===== Records supplied

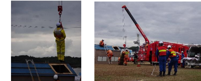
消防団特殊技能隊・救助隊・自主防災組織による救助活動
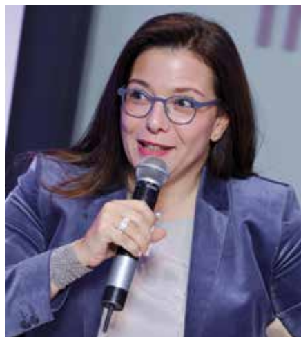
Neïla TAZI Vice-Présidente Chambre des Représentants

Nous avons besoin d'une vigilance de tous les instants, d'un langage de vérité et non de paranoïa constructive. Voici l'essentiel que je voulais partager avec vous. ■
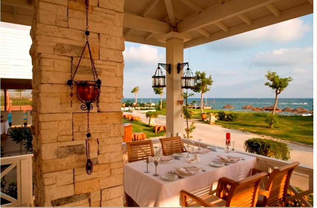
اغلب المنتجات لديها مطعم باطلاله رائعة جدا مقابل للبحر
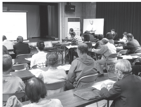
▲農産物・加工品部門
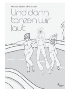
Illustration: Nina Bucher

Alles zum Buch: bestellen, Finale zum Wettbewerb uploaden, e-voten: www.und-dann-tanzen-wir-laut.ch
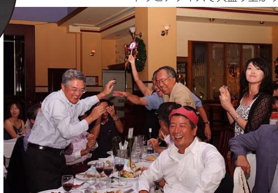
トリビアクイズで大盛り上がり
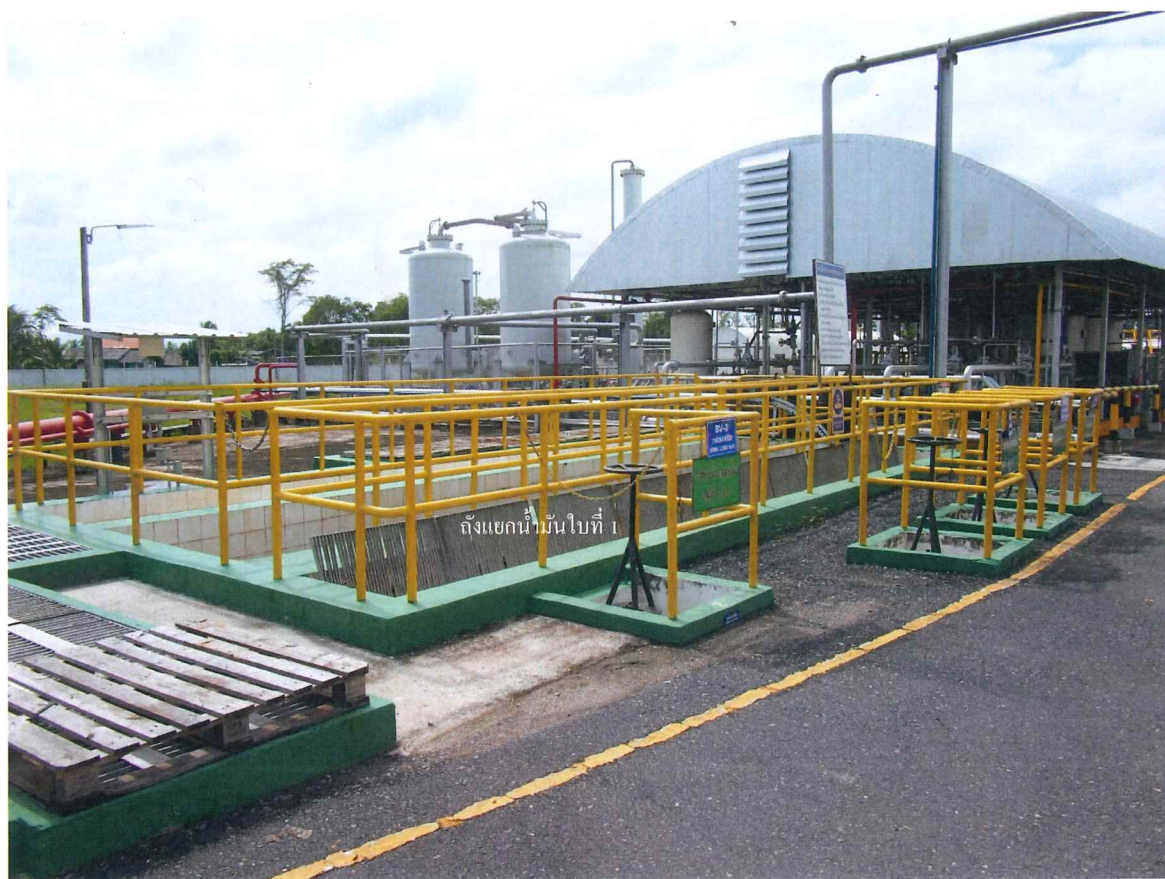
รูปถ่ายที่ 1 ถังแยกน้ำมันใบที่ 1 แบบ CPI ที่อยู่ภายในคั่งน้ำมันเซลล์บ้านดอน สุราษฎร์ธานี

==========
===== Records supplied

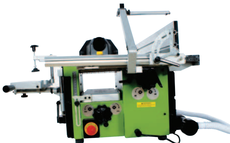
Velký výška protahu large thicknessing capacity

==========

Task goal: Only one stretch of the listing above is to be duplicated: the lines from the one containing "Illustration: Nina Bucher" through the one containing "รูปถ่ายที่ 1 ถังแยกน้ำมันใบที่", both included. Copy them exactly, minus the pictures.

Response:
Illustration: Nina Bucher

Alles zum Buch: bestellen, Finale zum Wettbewerb uploaden, e-voten: www.und-dann-tanzen-wir-laut.ch
トリビアクイズで大盛り上がり
รูปถ่ายที่ 1 ถังแยกน้ำมันใบที่ 1 แบบ CPI ที่อยู่ภายในคั่งน้ำมันเซลล์บ้านดอน สุราษฎร์ธานี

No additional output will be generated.